Just as important as visualization is collaboration, and Argonne leads the way on that front, as well. The Access Grid developed there provides a framework for digital collaboration around the world by building on the notion of video conferencing.
“It kind of just looks like your living room,” said Papka, showing off a comfortable space furnished with a couch and coffee table. “One kind of departure from your traditional videoconferencing is lots of cameras.” He explained that the Access Grid utilizes four cameras — including one mounted on the ceiling — all of which can pan, tilt and zoom to provide a sense of depth and perspective.
“You’ll have multiple views up of all the other sites, and we’ll have somewhere between four and 20, maybe as many as 30 video streams going at a time,” he said.
Like most Argonne software, the program underlying the Access Grid is open source, meaning anyone can download it, use it and modify it for his or her own purposes. Open-source software allows everyone to reap the benefits of the work pioneered at Argonne, a taxpayer-supported facility.
“You guys already paid for it once,” Papka said. “We shouldn’t charge for it again.”
Also on the roster of open-source products out of Argonne is Nimbus, software that allows anyone to rig a virtual supercomputer at low cost in only a few minutes. Instead of relying on a single massive machine such the Blue Gene, the Nimbus software takes advantage of large aggregations of computer resources known as “clouds.”
In the traditional “grid-computing” model, a single super-machine runs on a cluster of locally networked computers.
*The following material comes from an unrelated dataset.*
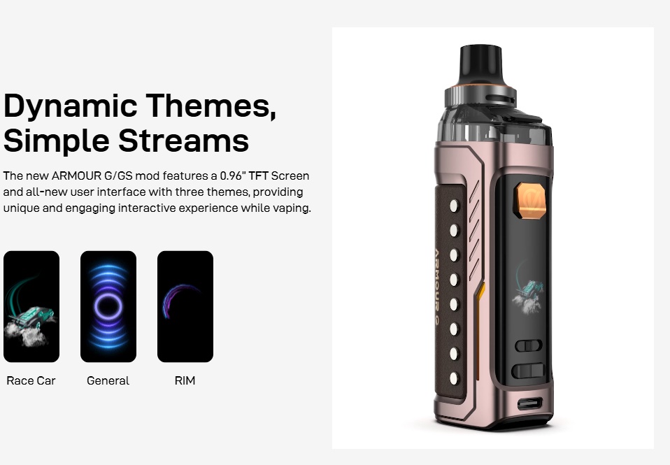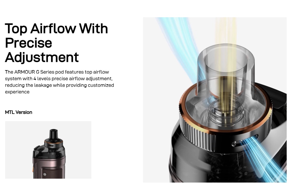 Der Vaporesso Armour G ist ein Pod Mod, welcher sich sowohl an DL als auch MTL Dampfer richtet. Trotz seiner kompakten Masse ist im Armour G ein Akku mit 3000mAh verbaut, welcher über den USB Type-C Anschluss geladen wird. Der Pod des Vaporesso Armour G fasst stolze 5ml Liquid und ist dank der Befüllöffnung an der Oberseite bequem wieder zu befüllen. Am Pod befindet sich auch die Airflow Control, über welche der Zugwiderstand eingestellt werden kann. Der mitgelieferte Pod eignet sich für MTL bis RDL, mit dem optional erhältlichen DTL Pod kann der Armour G aber auch für DL genutzt werden.

By contrast, cloud computing can pool the processing power, memory and storage space of thousands of remote computers and allow users to run “virtual machines.”
Cloud computing is also known as “Infrastructure-as-a-Service” because it commodifies the cost of large-scale computing resources. Amazon recently introduced this concept to the commercial market as a for-profit service called the Amazon Elastic Compute Cloud.
Nimbus, on the other hand, is aimed primarily at scientific users, who can tap into a number of science-related clouds, free of charge. That service grants universities and researchers around the world access to supercomputing power that may previously have been beyond their reach.
Commodifying infrastructure is gaining importance in the world of high-performance computing, and the idea may point to a possible way forward.
“One of the ideas that is sort of bouncing around in a lot of these conversations is: In five to 10 years, maybe you’re not charging people by how many CPU hours they’re using but by how much power they’re using,” said Kate Keahey, who heads up the Nimbus project at Argonne.
Allcock offered a similar assessment.
“Five years ago, nobody thought twice about power,” he said. “That is a huge sea change. Five years ago, people were just starting to get an inkling that we can’t keep going this way forever, and nobody thought about what their power budget was.”
But he said the exponential relationship between computing capacity and power usage had reoriented the research away from faster chips and toward more efficient clustering of resources.
“In the future of supercomputing, [electrical] power is everything,” he said. “What we are planning toward is a machine that’s 40 times as powerful as [Intrepid] in about twice the space, and [with] about three times the power consumption,” Allcock said.
But Allcock and Papka stressed that significant problems remaining before computing tasks can be spread with optimal efficiency across large numbers of processors.
“We have ideas,” Papka said. “We don’t have the answers. That’s why it’s a research problem.”